- Work instructions -
Set down all of the records below exactly, please, omitting the images.
BEGIN
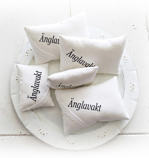 med söt text Änglavakt, lite spets och en liten ros.
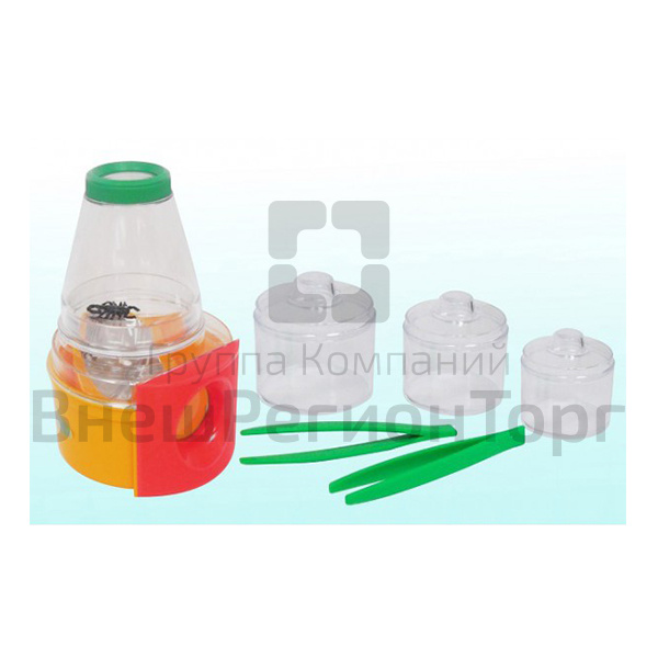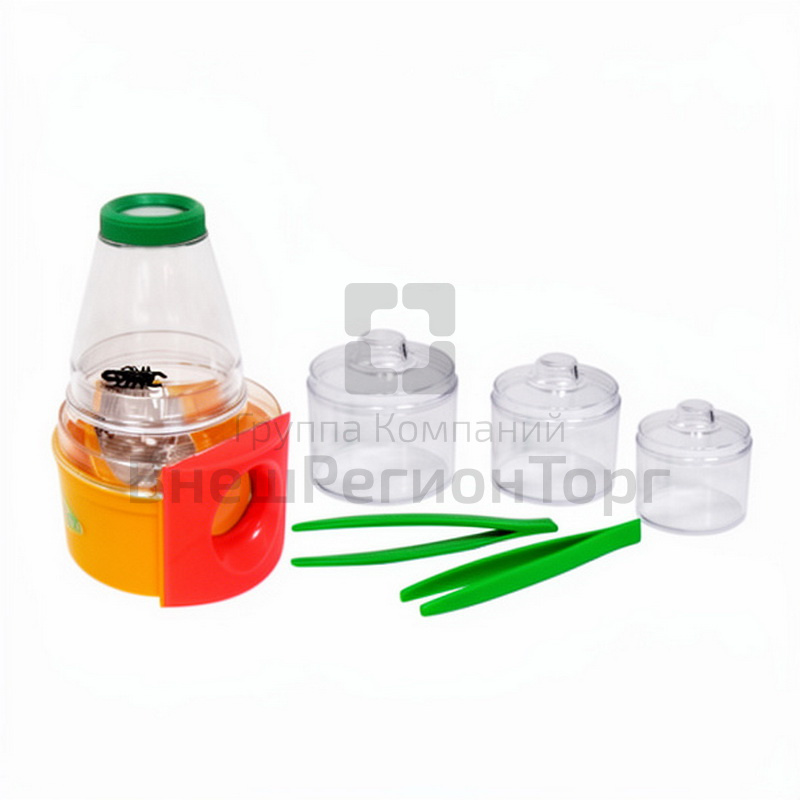 Набор миниатюрной лаборатории включает прочную колбу из пластмассы с плотно закрывающейся крышкой, в которой помещена лупа с 3-кратным увеличением, 3 стаканчика для лабораторных исследований и пинцет.
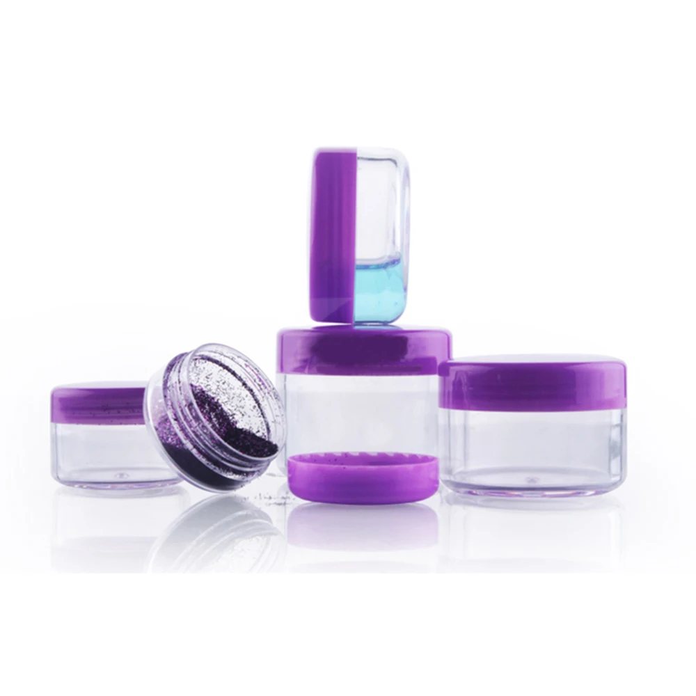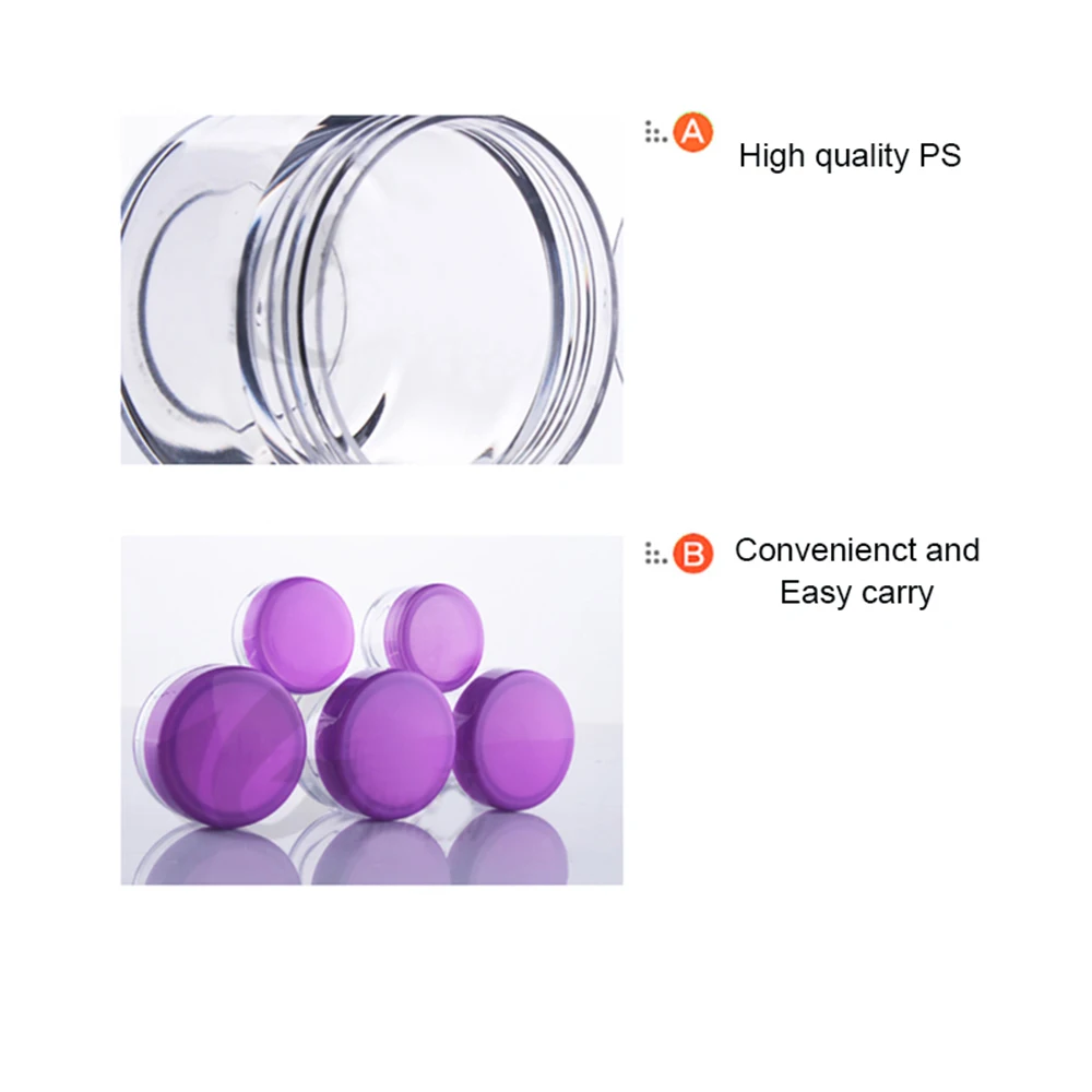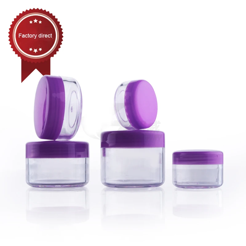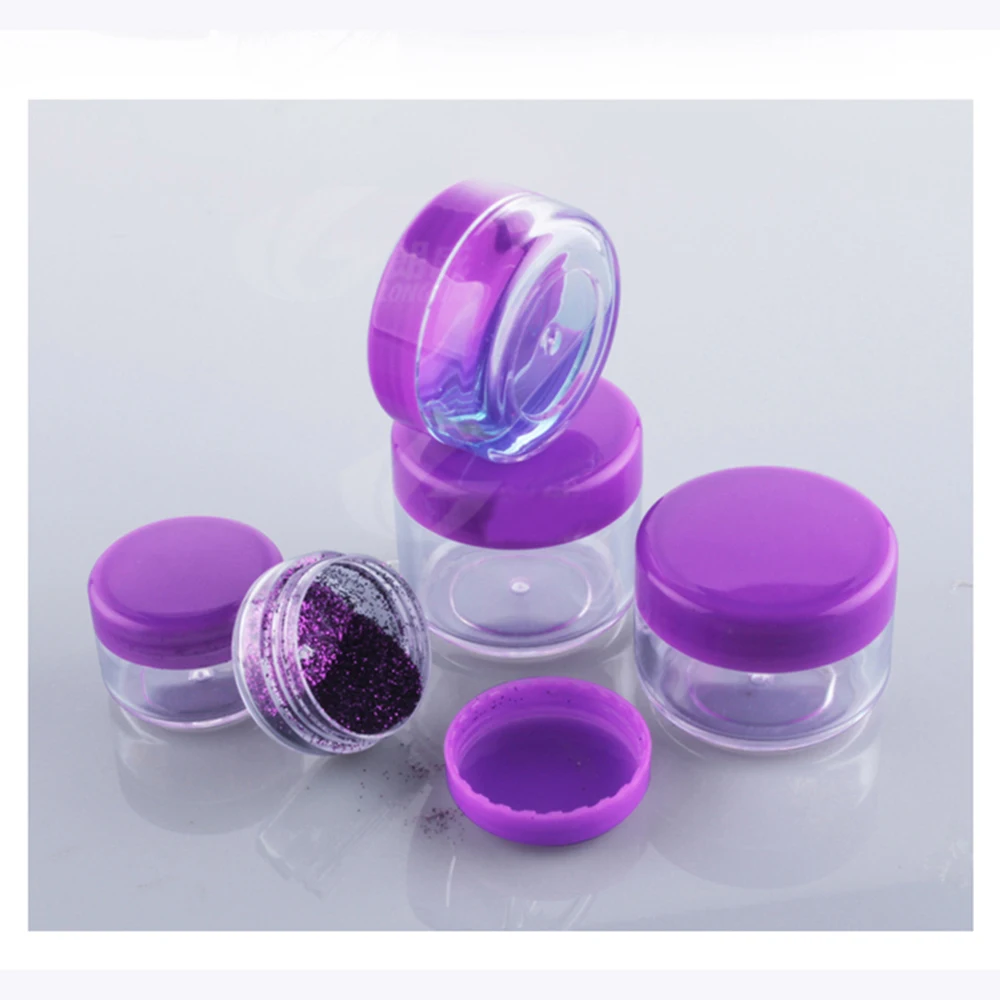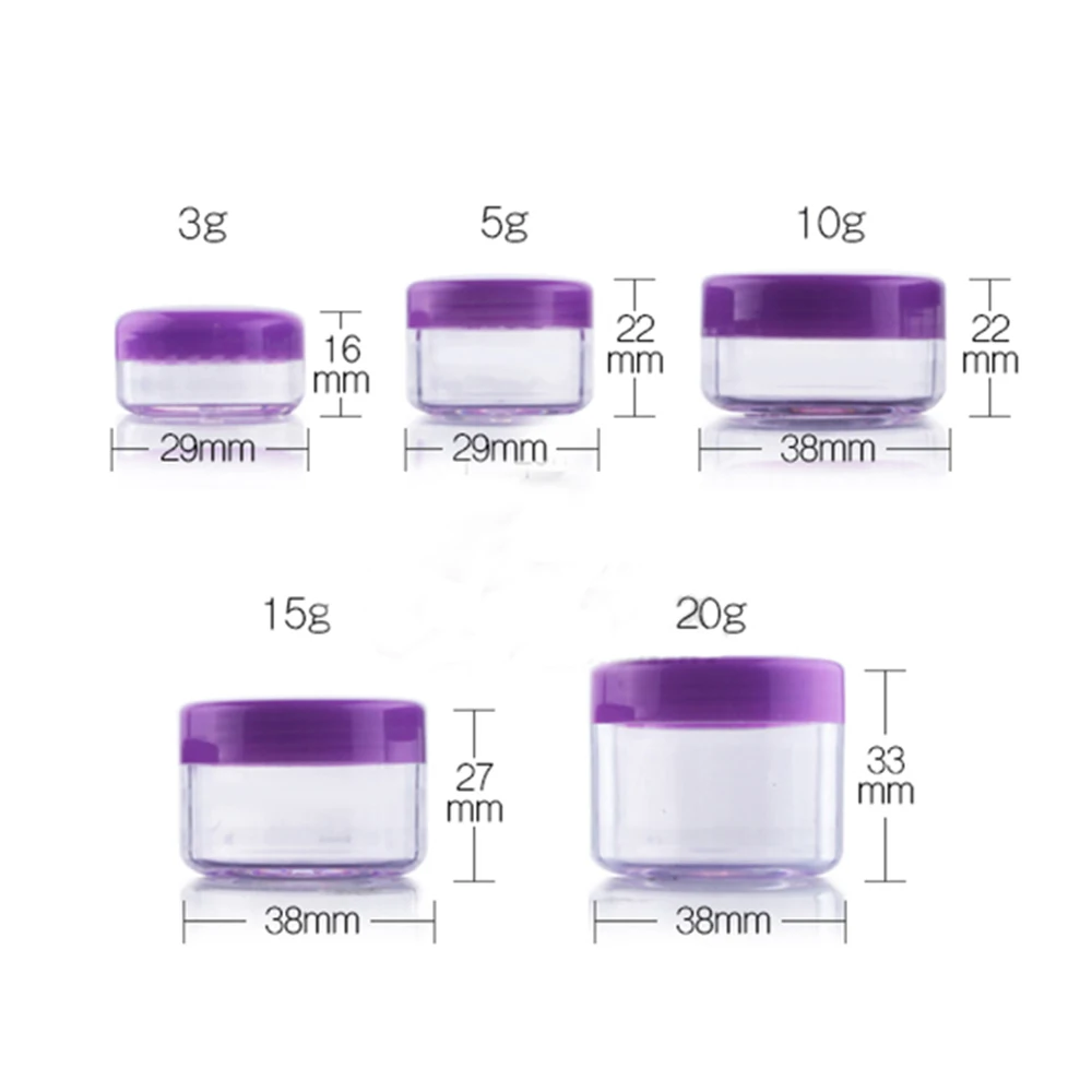 100 шт. Пластик банки ясно с фиолетовым Кепки контейнеры для косметических образцов пустая маленькая баночка для крема макияж блестит коробка, 3g, с функцией 5g 10g 1 5g 20g
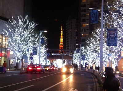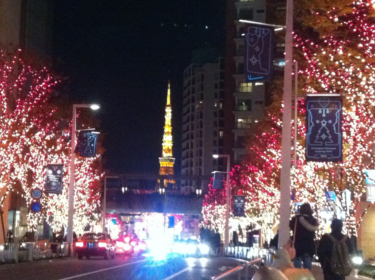 六本木ヒルズ けやき坂から東京タワー方面へのクリスマスイルミネーション。1時間に1回5分くらいイルミネーションの色が青から赤に変わるそうです。タイミングが良いと両方のイルミネーションを見ることができます。偶然2色撮影できました!
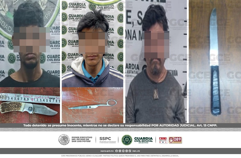 Tres de los sucesos ocurrieron en la zona metropolitana: el primero detenido se ubicó en la colonia San Juan de Guadalupe, se trata de un joven de 15 años de edad, sorprendido con un cuchillo de 15 centímetros; mientras que en la colonia Morales, Erlin “N” de 37 años, quedó detenido con una navaja; al igual que Ricardo “N” de 29 años, detenido en la colonia Las Trancas con una hoja de tijera, de 17 centímetros. Por último, en el municipio de Rioverde, policías de la GCE detuvieron a Baltasar “N” de 47 años de edad, en la colonia María Asunción, luego de asegurarle un cuchillo de metal entre sus pertenencias.
END
- Solved exercise -
 med söt text Änglavakt, lite spets och en liten ros.
 Набор миниатюрной лаборатории включает прочную колбу из пластмассы с плотно закрывающейся крышкой, в которой помещена лупа с 3-кратным увеличением, 3 стаканчика для лабораторных исследований и пинцет.
 100 шт. Пластик банки ясно с фиолетовым Кепки контейнеры для косметических образцов пустая маленькая баночка для крема макияж блестит коробка, 3g, с функцией 5g 10g 1 5g 20g
 六本木ヒルズ けやき坂から東京タワー方面へのクリスマスイルミネーション。1時間に1回5分くらいイルミネーションの色が青から赤に変わるそうです。タイミングが良いと両方のイルミネーションを見ることができます。偶然2色撮影できました!
 Tres de los sucesos ocurrieron en la zona metropolitana: el primero detenido se ubicó en la colonia San Juan de Guadalupe, se trata de un joven de 15 años de edad, sorprendido con un cuchillo de 15 centímetros; mientras que en la colonia Morales, Erlin “N” de 37 años, quedó detenido con una navaja; al igual que Ricardo “N” de 29 años, detenido en la colonia Las Trancas con una hoja de tijera, de 17 centímetros. Por último, en el municipio de Rioverde, policías de la GCE detuvieron a Baltasar “N” de 47 años de edad, en la colonia María Asunción, luego de asegurarle un cuchillo de metal entre sus pertenencias.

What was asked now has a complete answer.